How Long After Stopping Testosterone Can You Get Pregnant?

Find out how long after stopping testosterone you can get pregnant. Learn about fertility recovery after stopping TRT and other options for increasing your husband's sperm count.

How Long After Stopping Testosterone Can You Get Pregnant?

If you stop taking your testosterone, it normally takes around six months for the body to start releasing a mature egg every month. Contrary to popular belief, TRT in Denville NJ is not a form of birth control. Even people who have been taking TRT in Denville NJ for a while and no longer have menstrual periods can get pregnant. In a survey of 41 trans men who became pregnant and gave birth, 61% had used TRT in Denville NJ before becoming pregnant.
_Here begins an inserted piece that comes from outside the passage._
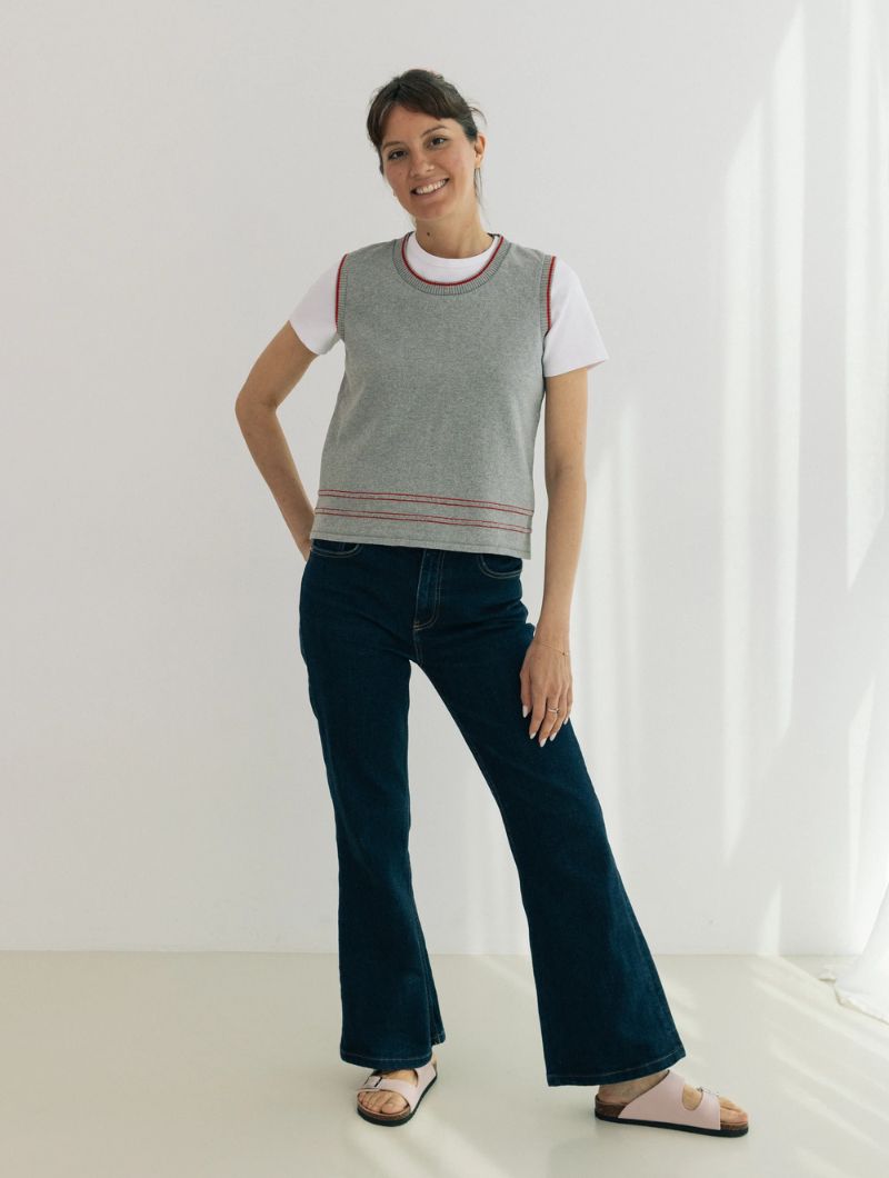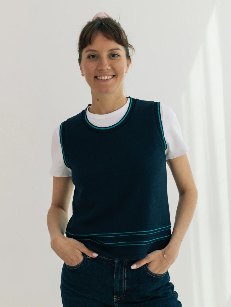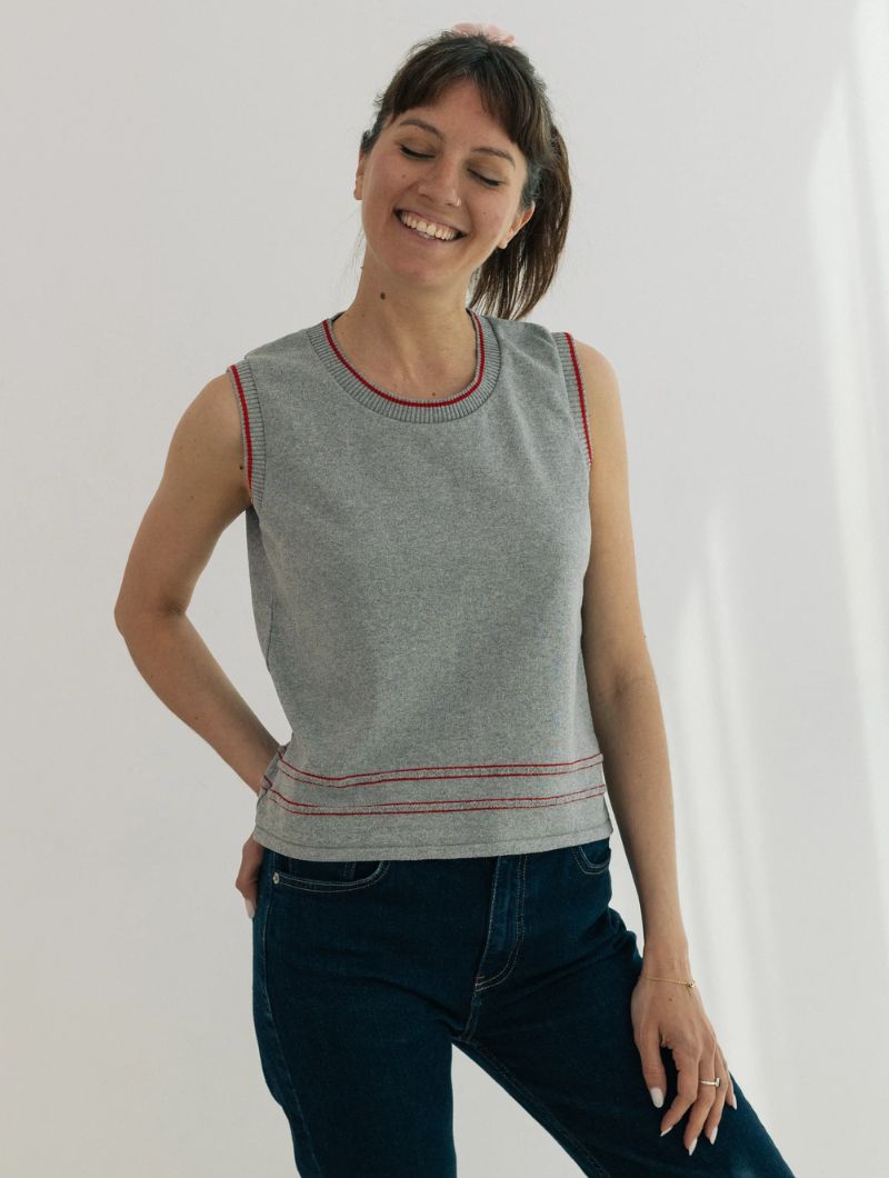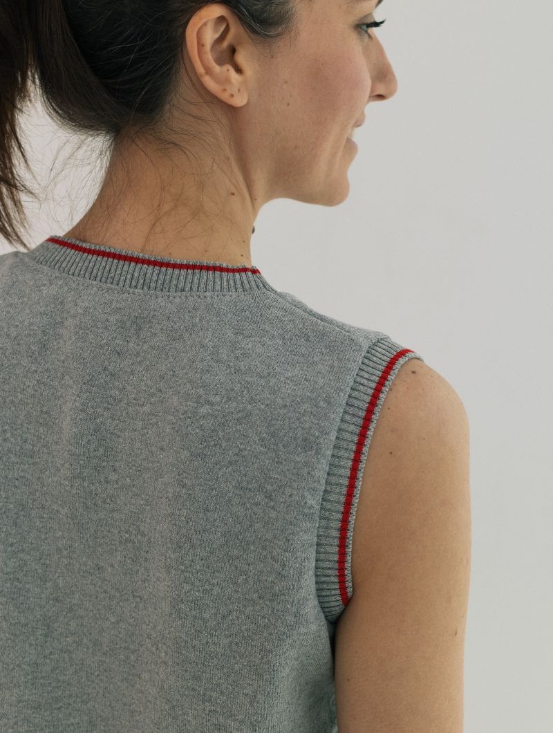 Chaleco de punto sin mangas de diseño liso y líneas limpias, con silueta recta y ajuste relajado que se adapta sin ceñir. El protagonismo recae en los ribetes en contraste que recorren cuello, sisas y bajo, aportando definición y un detalle gráfico sutil.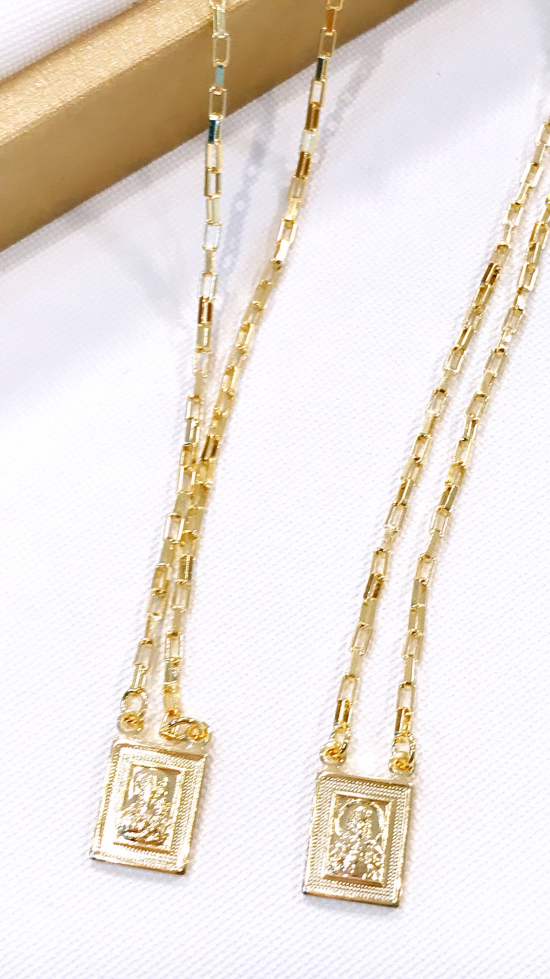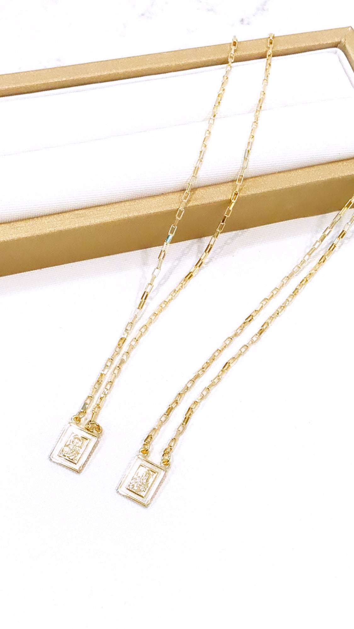 Gold Plated Virgin Mary and Jesus Scapular. The necklace is 45CM long, and the pendant is delicate, about 7MM only.

Three quarters of these pregnancies were planned, meaning that a quarter were unplanned.

This highlights the fact that taking testosterone is not a reliable form of contraception. Trans men and non-binary people in AFAB who have not had a hysterectomy or an oophorectomy should continue to use contraception if they have sex with the penis in the vagina and want to avoid pregnancy. The good news is that while taking testosterone replacement therapy (TRT) can lower sperm counts, the effects are usually reversible once TRT is stopped. It may take a few months for fertility to recover and you may continue to have a low sperm count after discontinuing TRT due to other contributing factors. Once a man begins testosterone replacement therapy, the total sperm count takes approximately 2.7 months to decrease.
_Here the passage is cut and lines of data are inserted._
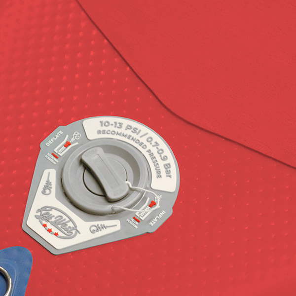 Uno schema sul bordo della valvola mostra come usare il pulsante per gonfiare o sgonfiare l'tavola. Indica anche la pressione massima consigliata per il gonfiaggio.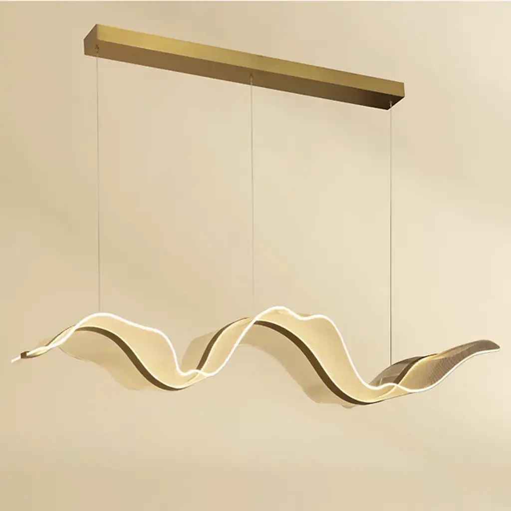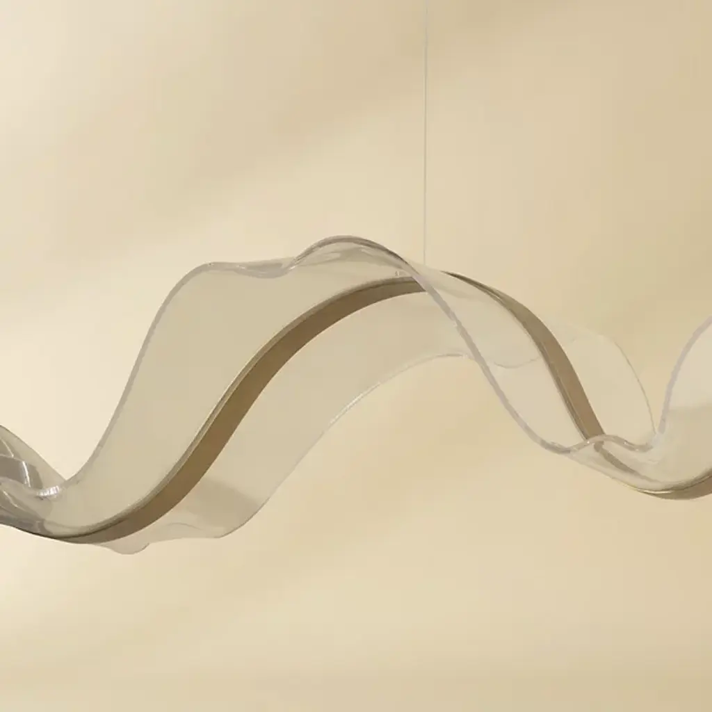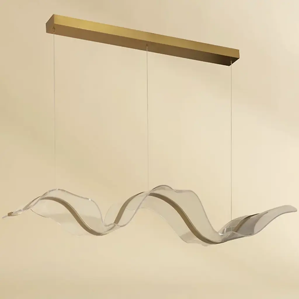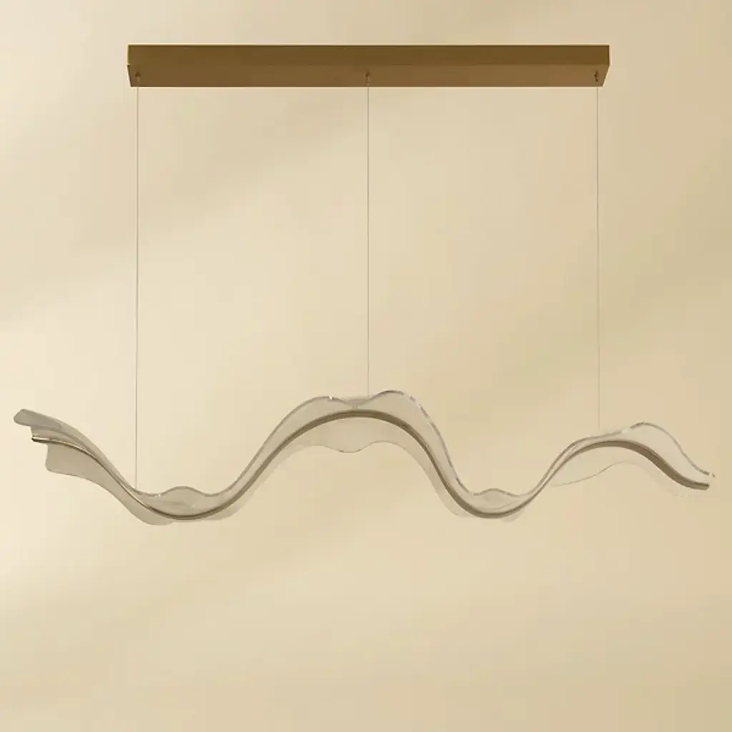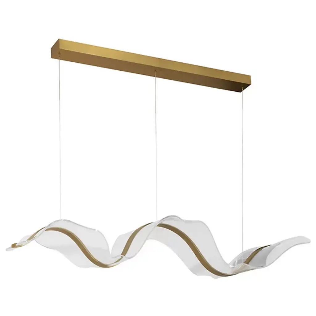 The Alun Linear Suspension from Sunpan translates the rhythmic movement of ocean waves into an architectural lighting statement. Its fluid acrylic form seems to freeze a moment of water’s natural motion, suspended from an iron ceiling mount with a brushed gold finish. The integrated LED lights illuminate the translucent acrylic waves, creating gentle diffusion across spaces. Multiple units can be installed in sequence to mimic continuous wave patterns, ideal for open areas where the fixture’s minimal aesthetic contributes to an uncluttered environment. This ceiling-mounted, hardwired fixture brings a sense of natural motion to static interiors.
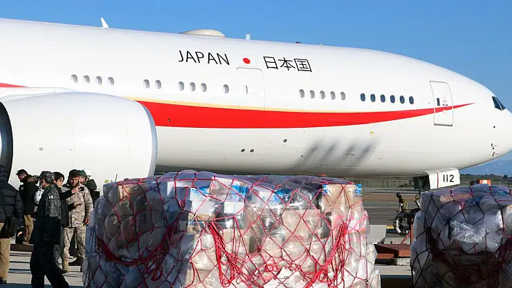 Depremzedeler için 15 ton tıbbi ekipman taşıyan Japon uçağı Adana'ya iniş yaptı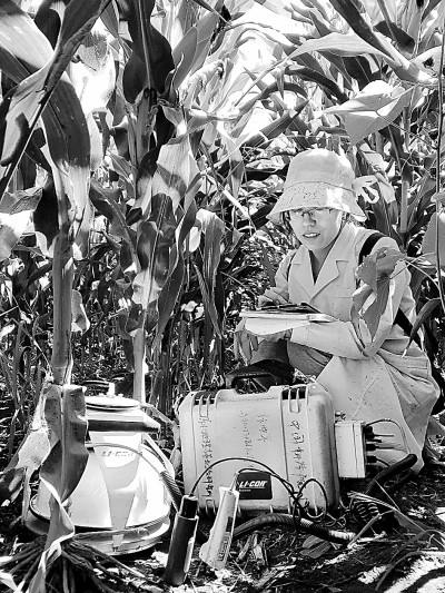 “隊(duì)員們每天早上5點(diǎn)就要前往試驗(yàn)田,趕上洪澇就得穿著靴子蹚過及膝的水,水灌進(jìn)靴筒,就像腿上綁了沙袋走在沼澤地里一樣。每個(gè)人還要提著兩個(gè)設(shè)備采樣,騰不出手扒開玉米葉子,大家就用頭頂出了一條路,臉上免不了被葉子劃傷。晚上回寢室,刷掉靴子里的泥,就得晚上12點(diǎn)多了。第二天早上5點(diǎn),又要開始新一天的采樣。”團(tuán)隊(duì)成員王軼昂說。
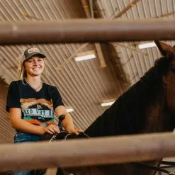 This heather black, unisex fit tee from Red Dirt Hat Co features the “Army Sunset” patch design.

After the cessation of testosterone therapy, it can often be 6 months before the total sperm count returns to normal. Spontaneous recovery of fertility is common after stopping testosterone therapy, but this process can be accelerated. The increase in age and duration of testosterone use significantly reduce the likelihood of sperm recovery in ejaculation, according to the criteria of a CMD of 5 million sperm, at 6 and 12 months. Doctors should be careful when following long-term testosterone therapy, especially in men who still want fertility. With these findings, doctors can advise men on the likelihood of sperm recovery at 6 and 12 months. While some men will be comfortable not taking testosterone therapy until their partner is pregnant, others will want alternative options to increase testosterone levels in the meantime.
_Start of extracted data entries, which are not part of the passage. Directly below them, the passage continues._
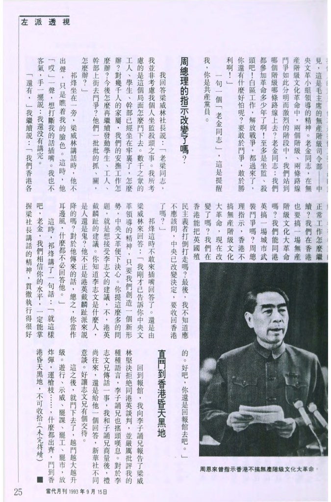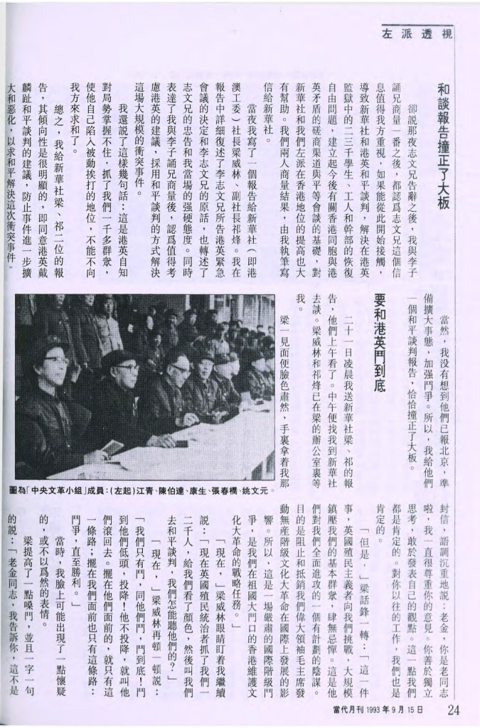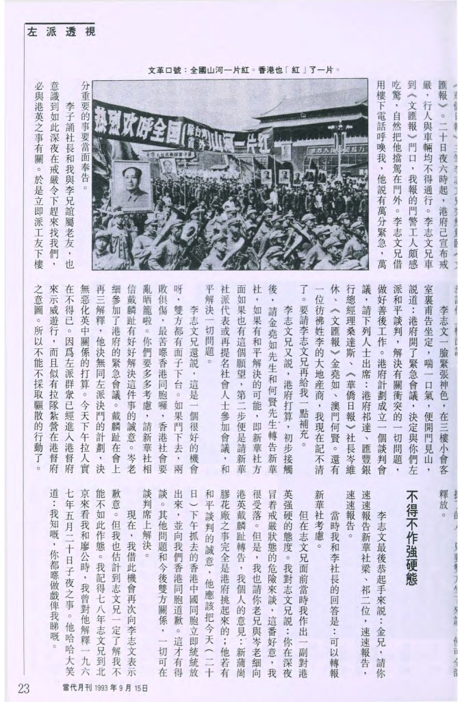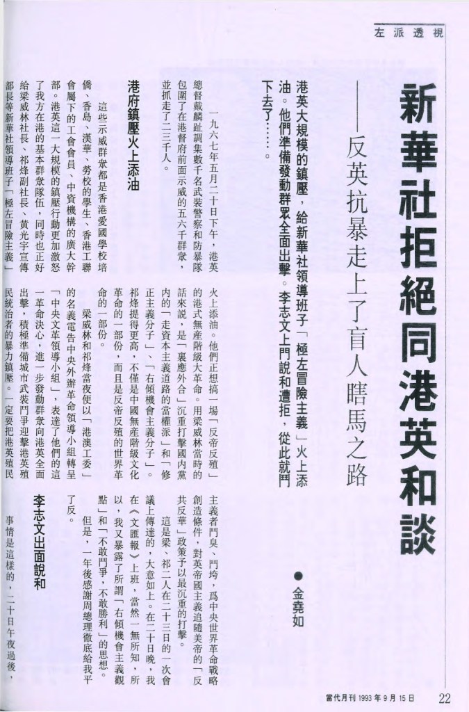 #金堯如回憶錄 #管見子 #香江五十年憶往 #當代月刊 #新華社拒絕同港英和談 #梁威林#祁烽#黃光宇 #六七暴動#反英抗暴 #消失的檔案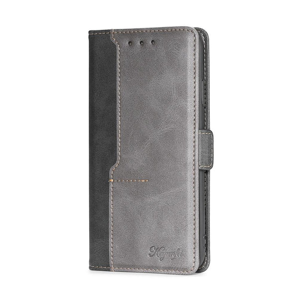 For Asus Zenfone 9 Contrast Color Side Buckle Leather Phone Case(Black + Grey)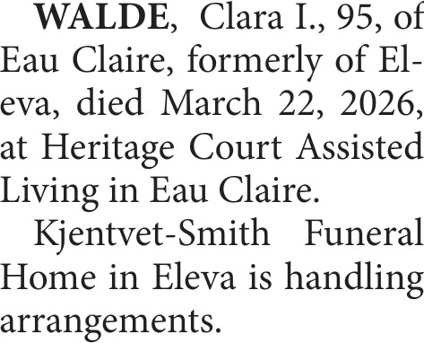 Obituary in Eau Claire, Wisconsin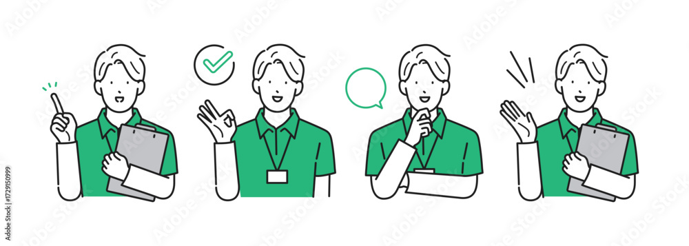 イラスト素材【介護イメージ】:様々なポーズをとる介護福祉士の男性・シンプルタッチ #1729150999

This means that trans men can take hormonal contraceptives, even if they are taking testosterone at the same time. If you are taking testosterone and want to become pregnant, it's important to talk to your healthcare provider about the possibility of stopping taking testosterone. Men who are trying to conceive with their partner or who want to have a child in the near future should consider testosterone replacement alternatives that increase testosterone and maintain sperm function. SERMs enhance spermatogenesis by inhibiting negative estrogen feedback, thus raising GnRH and gonadotropin levels and increasing subsequent testosterone production. Periods can be a source of gender dysphoria for some people, and testosterone doesn't always cause menstruation to stop immediately.

Most trans men who previously used testosterone conceived within six months, although 44% did use medical interventions such as fertility drugs and assisted reproductive technologies. Currently, there are no guidelines available that discuss the treatment of men with infertility that is presumed to be associated with the use of testosterone. Many transgender men and people who are non-binary or of the gender queer AFAB (woman assigned at birth) take testosterone as a form of gender-affirming therapy. In addition, five of the six trans men who had previously used testosterone chose to freeze their embryos. Age more consistently limited sperm recovery, while the duration of testosterone use had less influence at 12 months than at 6 months.

But don't despair; the damage is often reversible, and there are plenty of options to safely increase your husband's sperm count and testosterone. In addition, it is not clear how long after the cessation of testosterone administration adequate spermatogenesis should be expected.